§ TO DO:
Your answer must be the line containing "허윤 서강대 국제대학원" and each following line to the end of the listing below, copied exactly, with pictures removed and nothing added.

-- COLLECTED DATA follows --

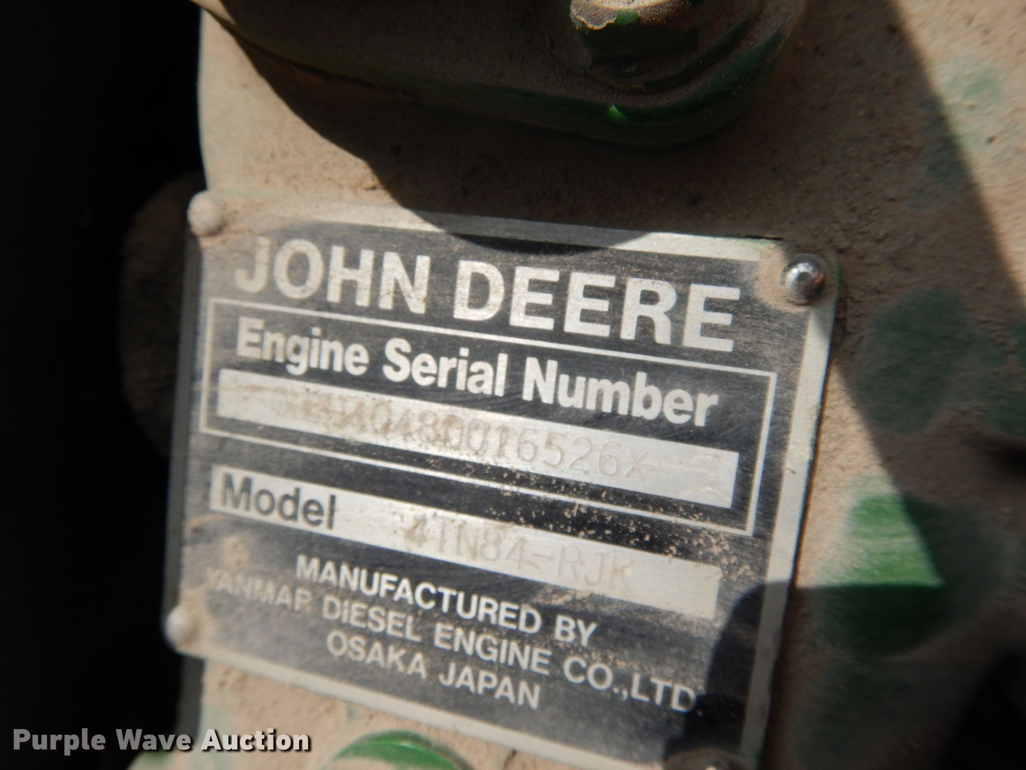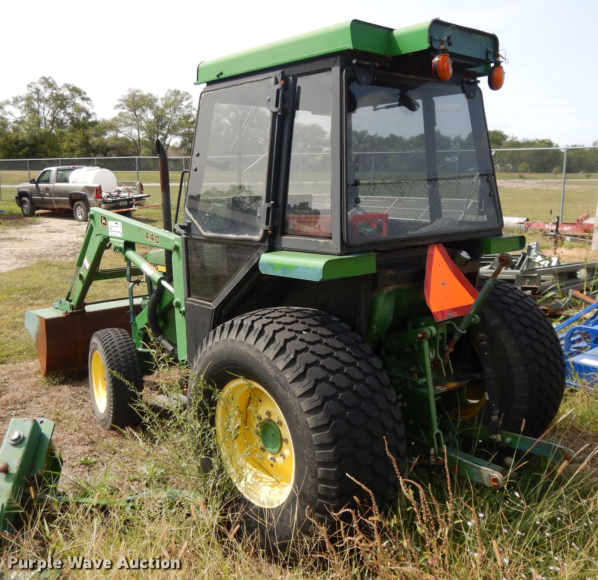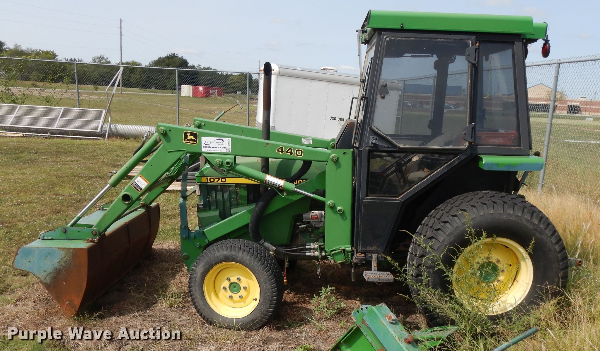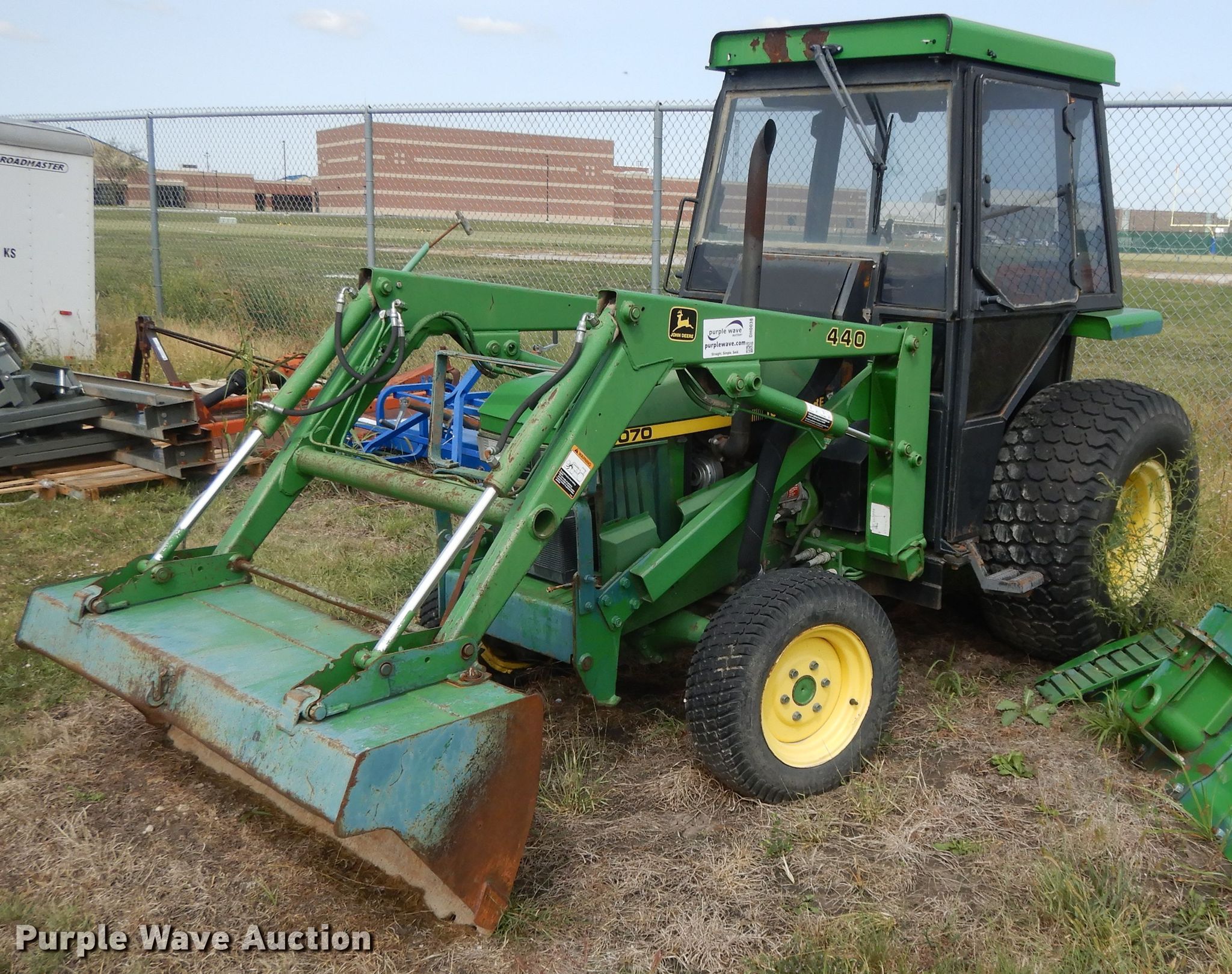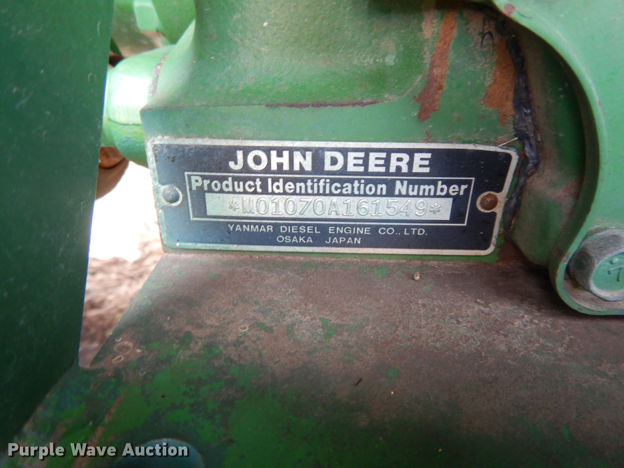 John Deere 1070 tractor. 1,564 hours on meter. Engine Yanmar 4TN84-RJK, Serial: CH4048D016526, Cylinders: 3, Fuel type: Diesel. Transmission Manual, 5F - 1R. Operational PTO: 540, Three point Top link, Loader John Deere 440, Controls: Joystick, Bucket Width: 62", 59"W blade Three point, Manual angle adjustment. Tires Front: 27x8.50R15, Rear: 44x18.00-20, Wheelbase: 68". Notes Non-operational unit. USD 385 Andover Public Schools. Andover, KS 67002
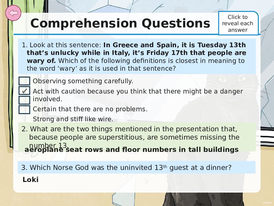3. Which Norse God was the uninvited 13 th guest at a dinner? 1. Look at this sentence: In Greece and Spain, it is Tuesday 13th that’s unlucky while in Italy, it’s Friday 17th that people are wary of. Which of the following definitions is closest in meaning to the word ‘wary’ as it is used in that sentence? 2. What are the two things mentioned in the presentation that, because people are superstitious, are sometimes missing the number 13. Loki aeroplane seat rows and floor numbers in tall buildings Click to reveal each answer Observing something carefully. Act with caution because you think that there might be a danger involved. Certain that there are no problems. Strong and stiff like wire.
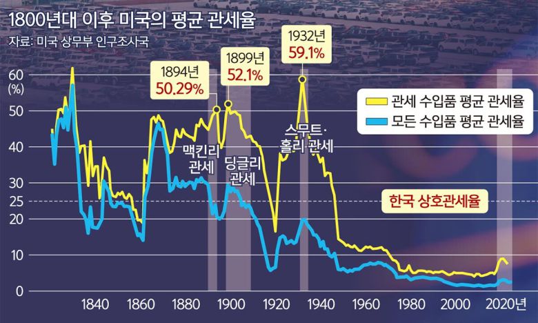 허윤 서강대 국제대학원 교수는 “그때 미국은 신생국이고 영국에 비해 산업이 훨씬 초보 단계라 산업 보호론을 앞세워 고율 관세를 정당화할 명분이 있었다”고 말했다.
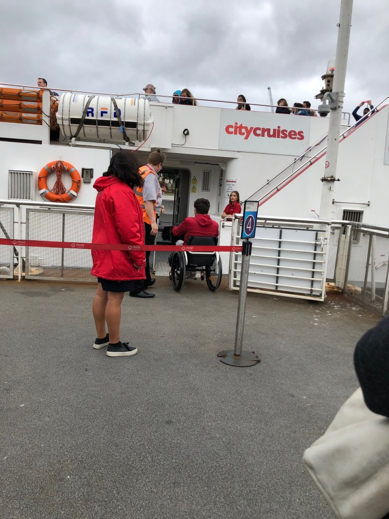 La misma compañía de Autobús Big Bus London tiene un pack para subirte a un barco llegando en su última parada a Greenwich con la compañía CityCruises. Como ayuda, el ticket se puede comprar online o justo en frente de la noria LondonEye que es donde se coge el barco, no hay necesidad de decir que vas en silla. El funcionamiento es idéntico al Bus, te bajas y te subes donde quieres sabiendo que la última parada es en Greenwich. El Barco está perfectamente adaptado, la tripulación te ayuda a entrar y salir del mismo sin ningún problema. De camino a Greenwich sacamos fotos únicas de la ciudad de Londres desde el barco, pasamos por debajo de la Torre de Londres y por último después de unos 40 minutos llegamos a Greenwich.

-- COLLECTED DATA concluded --

§ RESULT OF THIS EXERCISE:
 허윤 서강대 국제대학원 교수는 “그때 미국은 신생국이고 영국에 비해 산업이 훨씬 초보 단계라 산업 보호론을 앞세워 고율 관세를 정당화할 명분이 있었다”고 말했다.
 La misma compañía de Autobús Big Bus London tiene un pack para subirte a un barco llegando en su última parada a Greenwich con la compañía CityCruises. Como ayuda, el ticket se puede comprar online o justo en frente de la noria LondonEye que es donde se coge el barco, no hay necesidad de decir que vas en silla. El funcionamiento es idéntico al Bus, te bajas y te subes donde quieres sabiendo que la última parada es en Greenwich. El Barco está perfectamente adaptado, la tripulación te ayuda a entrar y salir del mismo sin ningún problema. De camino a Greenwich sacamos fotos únicas de la ciudad de Londres desde el barco, pasamos por debajo de la Torre de Londres y por último después de unos 40 minutos llegamos a Greenwich.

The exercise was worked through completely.